Extracted 742 users from 46393 registered classifications and saved to my-project-classifications_userlist_with_nclass.csv...


In [7]:
authorlist_fromclassfile = make_author_list(userfile, outfile, clean_emails=True, preformat=True, author_col="user_name")

INFO:requests.packages.urllib3.connectionpool:Resetting dropped connection: www.zooniverse.org


Using column user_name to determine author list...
Credited name: lookup 0 of 742 (MerylPG --> Meryl Goulbourne)
Credited name: lookup 74 of 742 (NynkS2 --> NynkS2)
Credited name: lookup 148 of 742 (patrickm.sans --> patrickm.sans)
Credited name: lookup 222 of 742 (binbag42 --> binbag42)
Credited name: lookup 296 of 742 (asixtus --> Ann R Sixtus)
Credited name: lookup 370 of 742 (rottenjonny --> Jon Meyer)
Credited name: lookup 444 of 742 (wicliff7 --> Wicliff Fleurizard)
Credited name: lookup 518 of 742 (EduardoNET --> Ed Sampedro)
Credited name: lookup 592 of 742 (Lor23 --> Laura Simmons)
Credited name: lookup 666 of 742 (flipit4u --> flipit4u)
Credited name: lookup 740 of 742 (maplecornerbarb --> Barbara Patterson)
  Here are the ids it returned an error on:
['rcmills1707', 'acorsten', 'sue.hancock3', 'david_torranceymail', 'ron.gitter', 'dsreidcardiac', 'mike.newman81', 'gelias-warrenpeckschool', 'lg63ladd']


INFO:make_author_list:Author list saved in markdown to my-project-contributors.md.
INFO:make_author_list: Logged-in user count: 742


### Why are the two author lists different?

In the first example, we used a list of contributors that was generated from running `basic_classification_processing` on the classification example file *and only extracting classifications from one workflow and version*. The quick-and-dirty version used immediately above doesn't do that.
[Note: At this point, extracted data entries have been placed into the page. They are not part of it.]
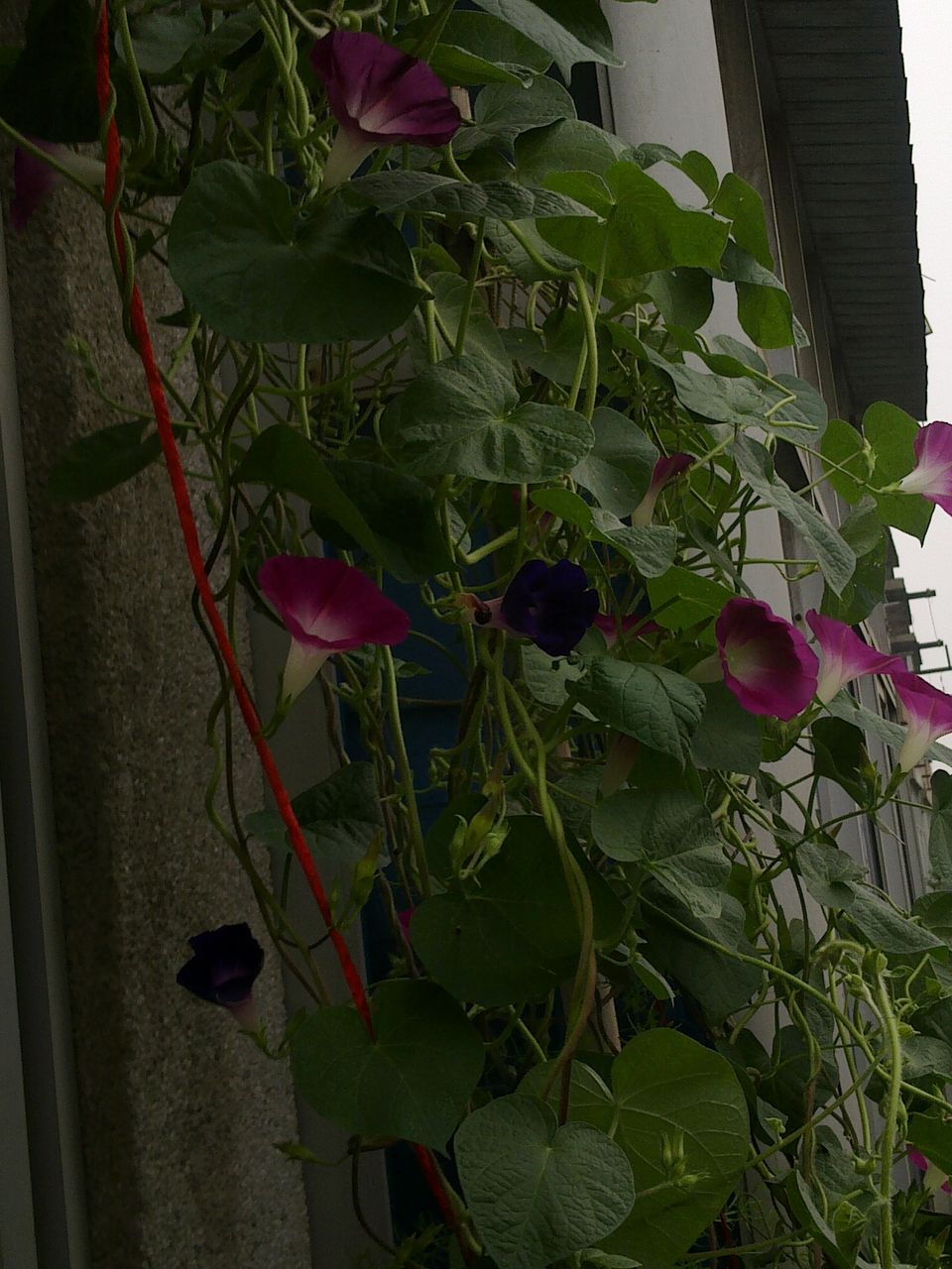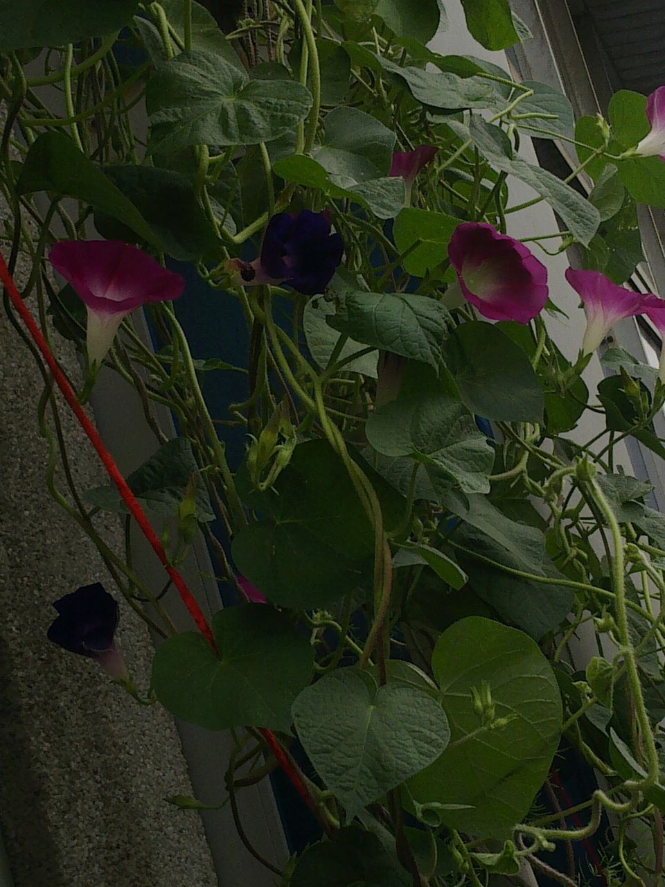 不知道颜色的情况下,老妈在路边挖了三颗牵牛花苗,回来种上~慢慢等待,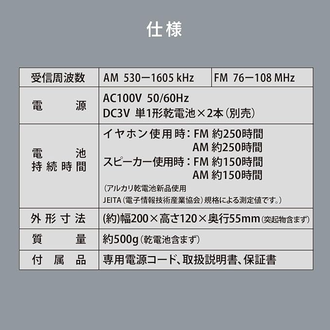 【 仕 様 】 ◆受信周波数:AM…530-1605kHz、FM…76-108MHz ◆電源:AC100V 50/60Hz、DC3V 単1形乾電池 2本(別売) ◆電池持続時間:※アルカリ乾電池新品使用 イヤホン使用時…FM受信/約250時間、AM受信/約250時間 スピーカー使用時…FM受信/約150時間、AM受信/約150時間
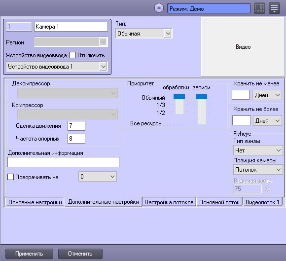 Настройка уровня компрессирования видеосигнала выполняется индивидуально для каждой видеокамеры.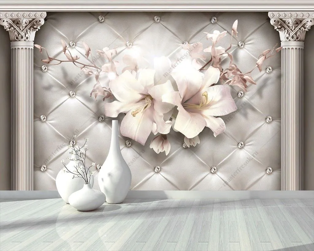 Бесшовные обои на стену: 3д Цветы и колонны. Артикул: 10-899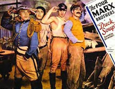 Duck Soup, 1933, starring the Marx Brothers and Margaret Dumont.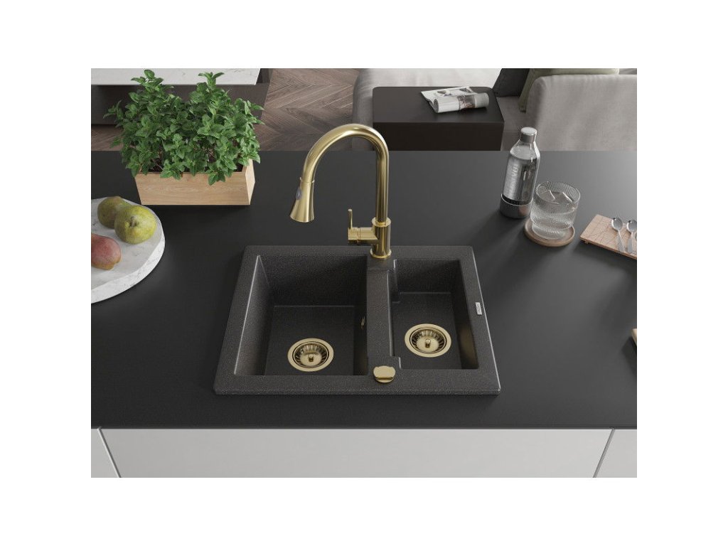Granitový drez Mexen Carlos s 1,5 miskou a kuchynskou batériou Elia, čierna škvrnitá - 6518-76-670101-50

It doesn't remove non-live classifications, or duplicates, or separate classifications by workflow. So because it considers all classifications in the example file instead of just the ones in a specific workflow, it's a longer list. 

This gives you the flexibility to choose how you generate these lists, depending on how you intend to use them.

### How should I use this list?

As a bare minimum, it's a good idea to generate a contributor list for all your volunteers who participated while your project was live, and paste it into your **Team** page on your project with an acknowledgment note as a header to the list. [Here's an example of that.](https://www.zooniverse.org/projects/vrooje/planetary-response-network-and-rescue-global-caribbean-storms-2017/about/team)

(It's no accident that the list there overlaps by quite a bit with the one here; the example classifications were taken from that project.)

#### Running `make_author_list` from the command line
At the command line, type:

`%> python make_author_list.py`

without any inputs to see what the CLI syntax is.